Volaron más piedras. Los chicos retrocedieron velozmente hacia la tubería. Mike recibió un cascote en el brazo y se lo apretó con fuerza haciendo una mueca de dolor hasta que el ardor fue cediendo.

—Estamos empatados —observó Ben—. Ellos no pueden bajar y nosotros no podemos subir.

—E-e-es que no deb-debemos subir —apuntó Bill, en voz baja— y todos vosotros lo sabéis. S-s-s-se su-su-supone que no sald-d-dremos de a-a-aquí.

Todos lo miraron, doloridos de ojos, temerosos. Nadie dijo nada.

La voz de Henry, disfrazando la ira de burla, flotó hacia abajo:

—¡Podemos esperar todo el día, niñatos!

Beverly había girado en redondo y estaba mirando hacia el interior de la tubería. La luz se perdía muy pronto y no se distinguía demasiado. Se trataba de un túnel de hormigón lleno hasta la tercera parte de agua precipitada. Notó que ahora llegaba más arriba que cuando habían entrado. Eso se debía a que, por no funcionar la bomba, sólo parte del agua caía al Kenduskeag. Sintió una punzada de claustrofobia en la garganta que le convirtió la carne en una especie de franela. Si el agua seguía ascendiendo, todos se ahogarían.

—¿Es preciso, Bill?

Él se encogió de hombros. Eso lo decía todo. Sí, era preciso. ¿Qué remedio cabía? ¿Dejarse matar en Los Barrens por Henry, Victor y Belch? ¿O por alguna otra cosa, tal vez peor, en la ciudad? Ella comprendió, por fin, La idea; los hombros de Bill no habían tartamudeado al encogerse. Era mejor ir en busca de Eso. De frente, como en una película de vaqueros. Era más limpio, más valiente.

Richie dijo:

—¿Cómo se llamaba ese rito del que nos hablaste, Gran Bill? El que leíste en el libro de la biblioteca.

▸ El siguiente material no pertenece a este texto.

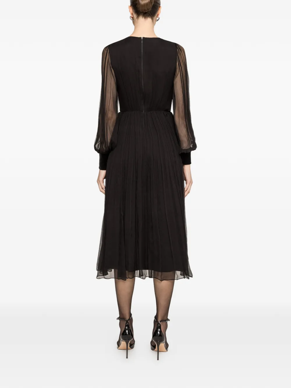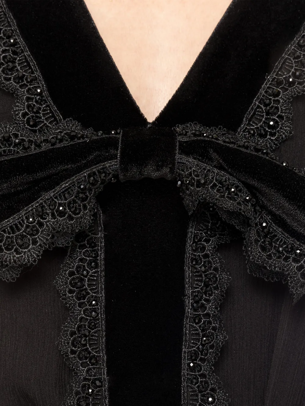Черная отделка кружевом, V-образный вырез, длинные рукава, плиссированная юбка, бант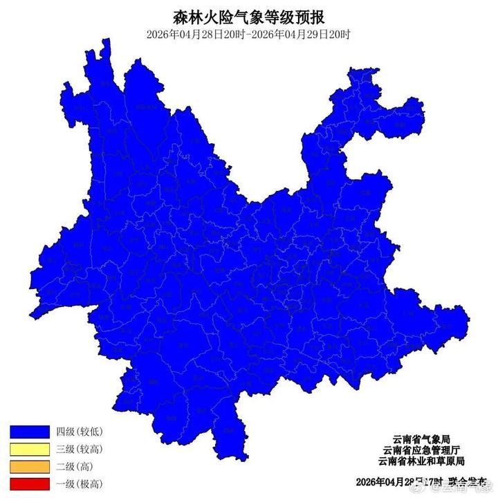 2026年4月28日20时至2026年4月29日20时,全省四级(较低)。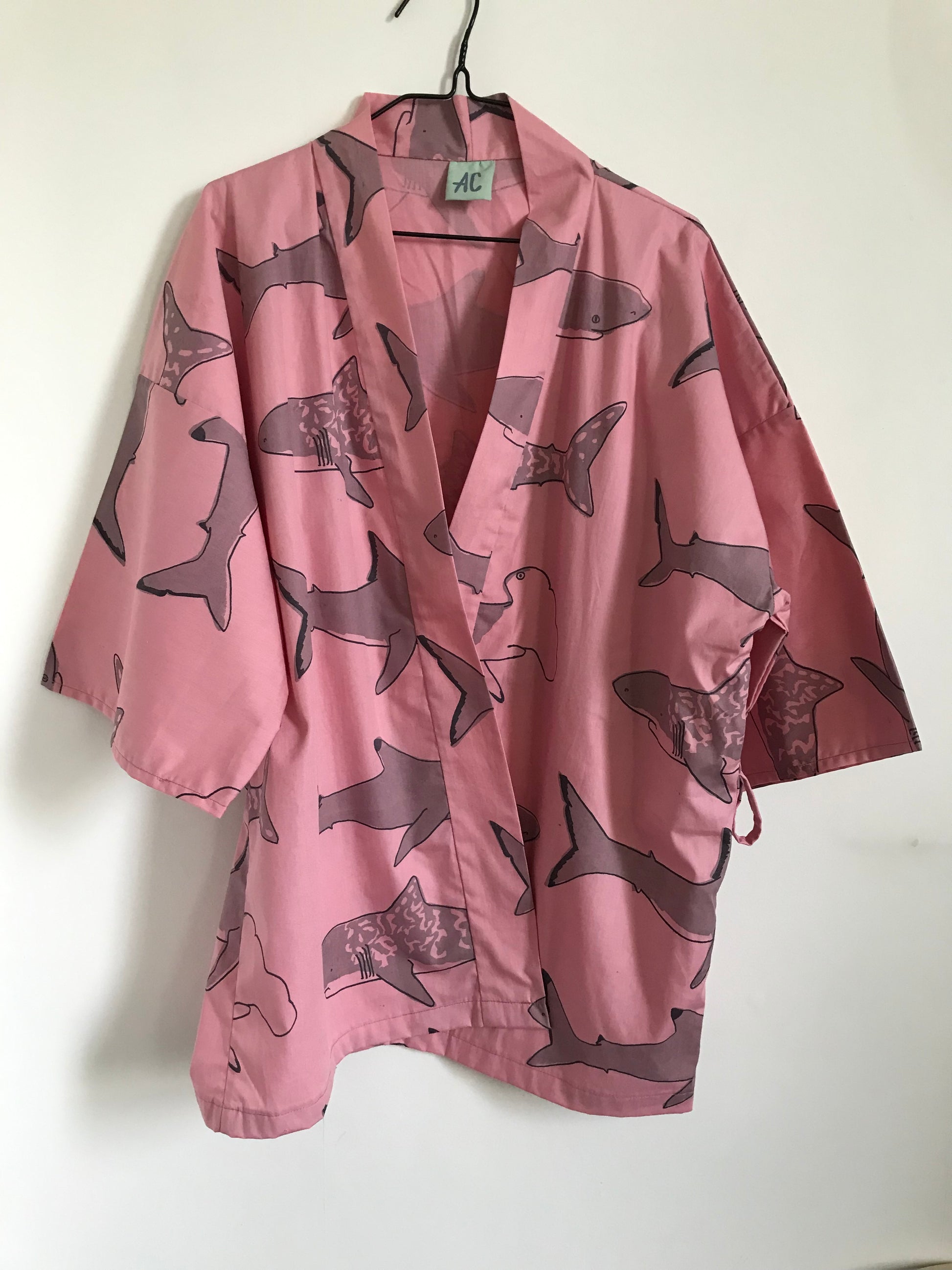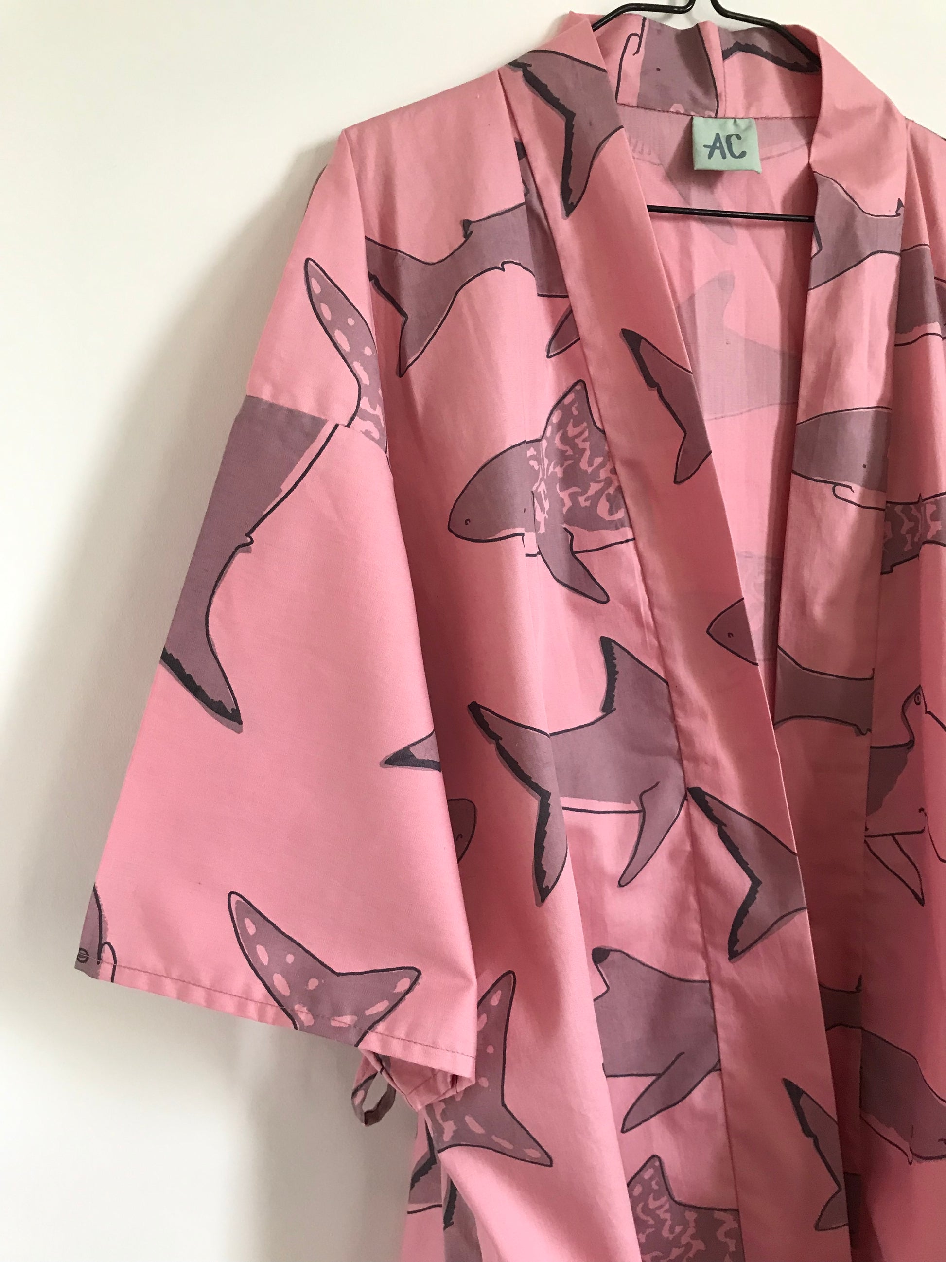 This coat is made from vintage cotton in a pale pink colour, the fabric is handprinted with a mix of grey sharks, including a hammerhead shark, a tiger shark, a black tip reef shark.

—Ch-Ch-Chüd —dijo Bill, sonriendo.

—Chüd —asintió Richie—. Uno muerde la lengua de Eso y Eso te muerde la tuya. ¿No es así?

—S-s-sí.

—Y después se cuentan chistes.

Bill asintió.

—Qué curioso —comentó Richie, mirando hacia la larga tubería—. No se me ocurre ninguno.

—A mí tampoco —dijo Ben.

Sentía un miedo pesado en el pecho, casi sofocante. Lo único que le impedía sentarse en el agua para llorar como un bebé o volverse, simplemente, loco, era la presencia tranquila y segura de Bill… y Beverly. Preferiría morir antes que revelar ante Beverly lo asustado que estaba.